西瑞爾放下手中的琉璃盞,舌尖從唇上舔過,仿佛是在回味方才那美妙的觸感,嘴角不自覺地上揚了一個弧度,之後才輕輕地将愛人放在了床上,低聲在她耳邊說道,“再睡一會兒吧,你之前太累了。”
他是真的沒有想到,歐律比亞完全喝醉了之後,竟然會是那個樣子,到了後面,他已經看出來了她的疲憊,想要喊停了,誰知道歐律比亞根本就是充耳不聞,直到耗光了最後一絲力氣,才不甘不願地睡了過去。
不過,雖然喝醉了之後的歐律比亞很讓他欲罷不能,西瑞爾也還是決定,以後還是不要再這麽做了,偶爾增加一點情趣還好,可若是次數多了的話,且不說歐律比亞如何,他自己就先要心疼起來了。
“我怎麽了?”歐律比亞強打起精神,支起了自己的眼皮,不知道怎麽回事,她現在隻覺得自己的腦子昏昏沉沉的,根本就沒有辦法正常的思考。
“想不起來就不要想了。”西瑞爾在歐律比亞的身側躺下,幫着她揉了揉太陽穴,“再多休息一會兒就好了。”
歐律比亞也沒有再繼續勉強自己,馬上就順從身體本能地再次閉上雙眼,在西瑞爾的胸口上蹭了蹭,低聲咕哝了一句,“那行,我再睡一會兒。”
“嗯。”西瑞爾調整了一下姿勢,讓歐律比亞躺得更加舒服一些,然後便也閉上了眼睛,“睡吧,我就在你身邊。”
等着歐律比亞再一次睜開雙眼的時候,已經又是一天過去了。也許是得到了充分休息的緣故,這一回她的精神倒是好了很多,腦子也比較清醒了。
“我睡了多久?”歐律比亞從床上坐起來,按壓着自己的額頭,畢方羽毛織就的錦被頓時滑落在腰間,露出了那猶帶着歡愉過後的暧昧痕迹的白皙。
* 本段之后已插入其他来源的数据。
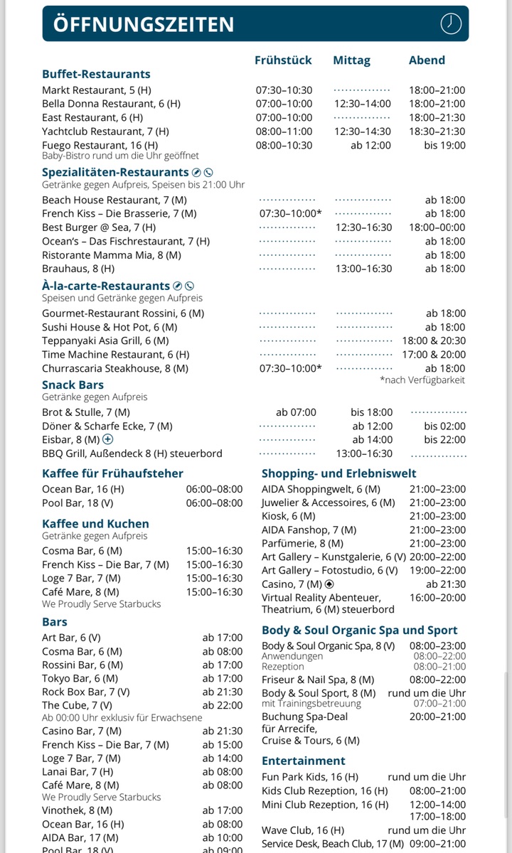 Gibt es eine aktuelle Übersicht, wie die Restaurants der Cosma an den See-und Landtagen in der Regel geöffnet haben ?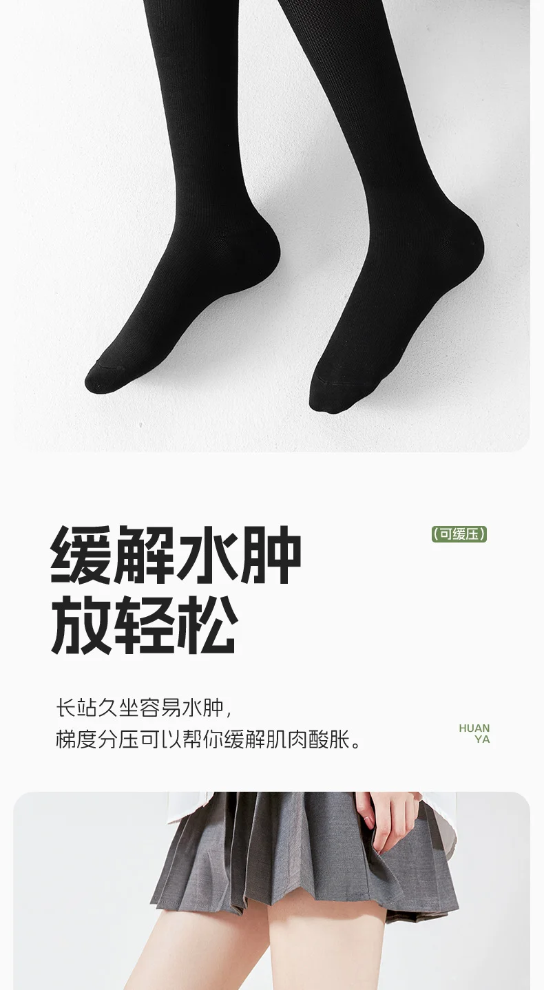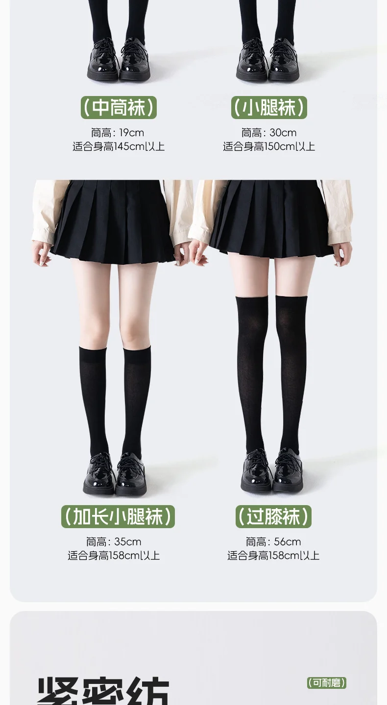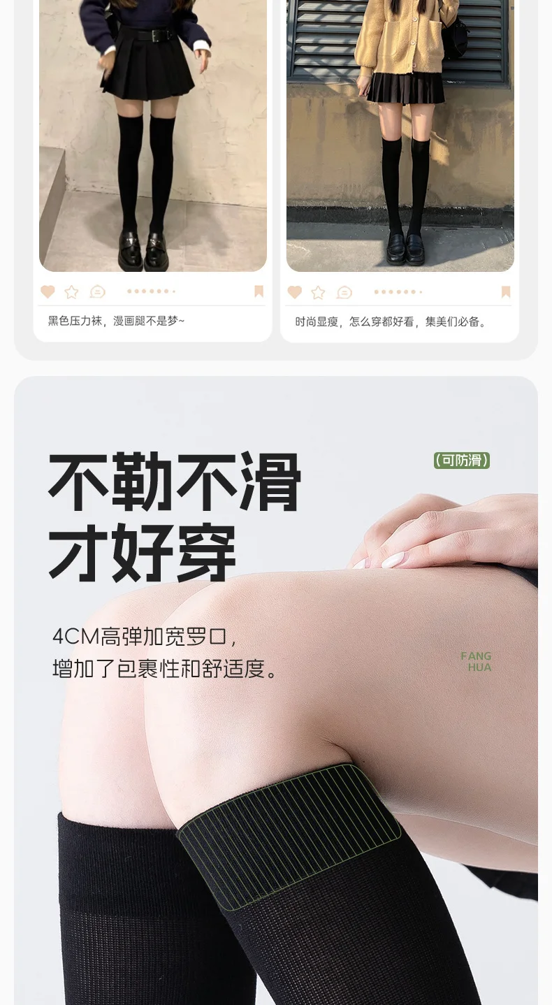 压力小腿袜女春秋强压显jk袜子黑色半截过膝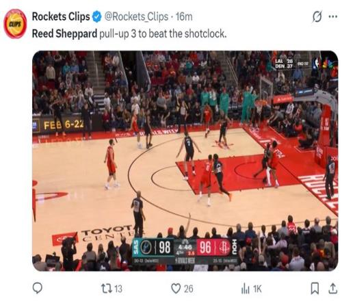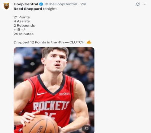 谢泼德末节12分登全美热搜!火箭官方为他鼓掌休媒盼给核心地位

西瑞爾看得眼神一暗,不過想到了歐律比亞的身體狀況,還是艱難地按下了内心的火熱,也跟着起身,“也沒有多久,你現在感覺怎麽樣?”
“還好。”神力果然是個好東西,運轉了一圈過後,歐律比亞馬上就感覺自己的身體沒有那麽酸痛了。之後才問起來了之前的狀況,“我怎麽了?”
西瑞爾聞言不由自主地頓了一下,旋即仿佛是想到了什麽似的,略帶驚異地看向了歐律比亞,“你不記得了?”話說這算是喝斷片兒了嗎?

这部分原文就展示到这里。